◆ WHAT YOU SHOULD DO ◆
Here the job is to copy the data exactly and to exclude every image from it.

◆ DATA SECTION ◆
■ ■ ■ ■ ■ ■ ■
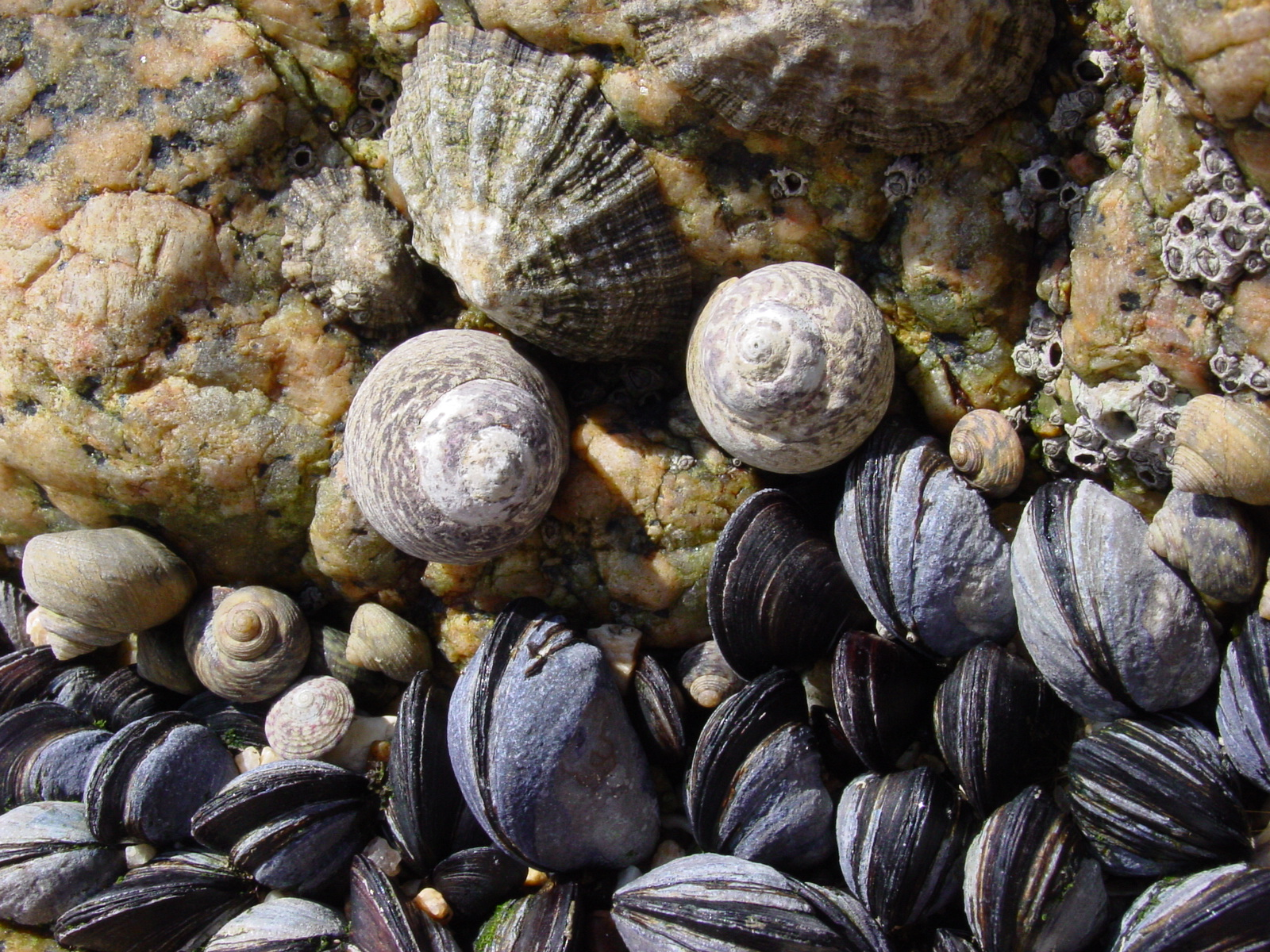 locality: Castiñeiras - Ribeira - Galicia - Spain. Patella rustica, synonym: Patella lusitanica Phorcus lineatus, (da Costa, 1778) synonym: Monodonta lineata, Osilinus lineatus Mytilus edulis Semibalanus balanoides, synonym: Balanus balanoides
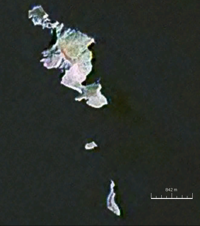 Sofrana Islands, Carpathian Sea, Greece Geocover 2000
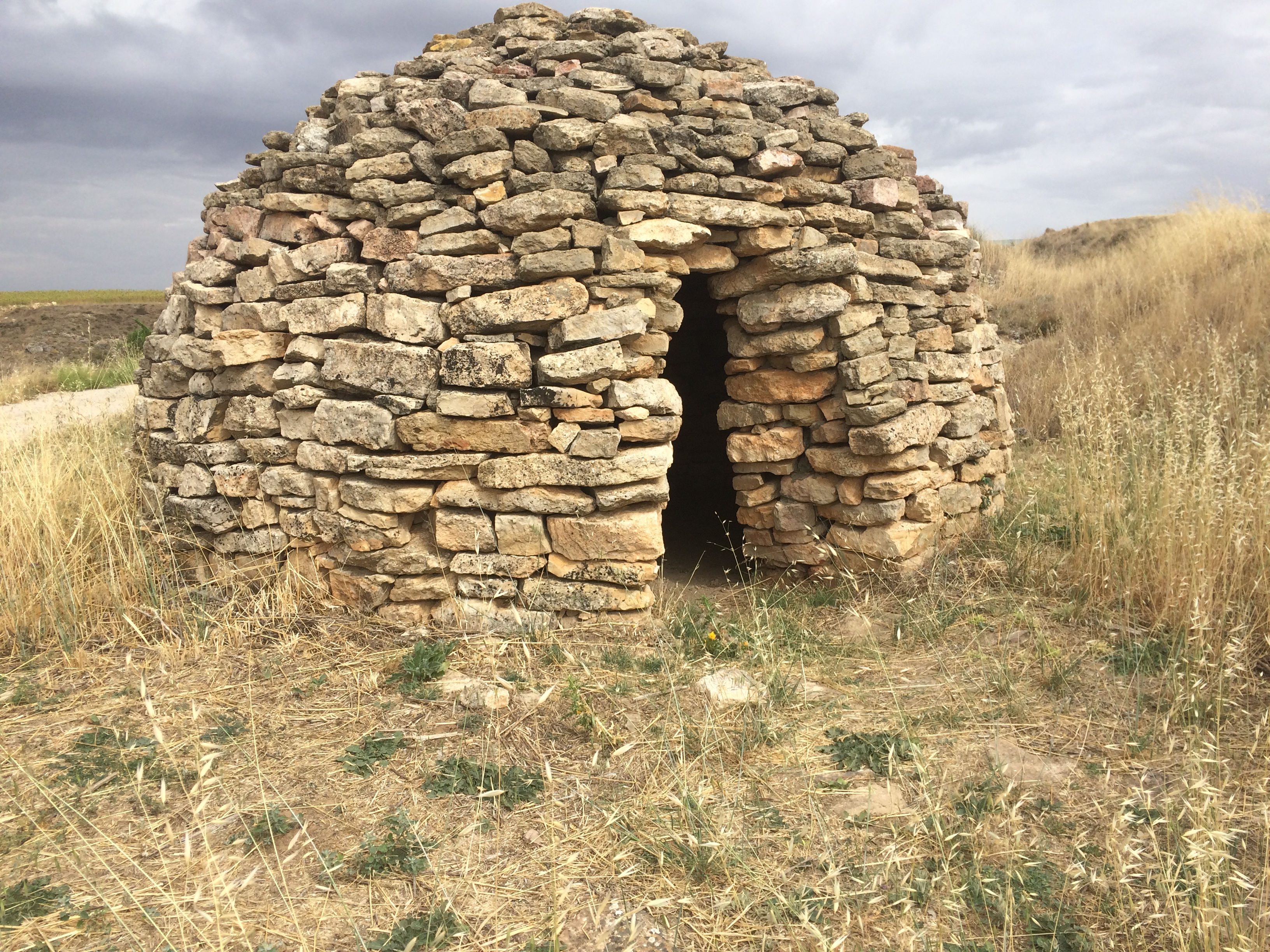 Reconstruction of a neolithic "lime kiln tomb" before being burnt. Ambrona Valley. Soria. Spain
■ ■ ■ ■ ■ ■ ■
◆ PROBLEM SOLUTION ◆
 locality: Castiñeiras - Ribeira - Galicia - Spain. Patella rustica, synonym: Patella lusitanica Phorcus lineatus, (da Costa, 1778) synonym: Monodonta lineata, Osilinus lineatus Mytilus edulis Semibalanus balanoides, synonym: Balanus balanoides
 Sofrana Islands, Carpathian Sea, Greece Geocover 2000
 Reconstruction of a neolithic "lime kiln tomb" before being burnt. Ambrona Valley. Soria. Spain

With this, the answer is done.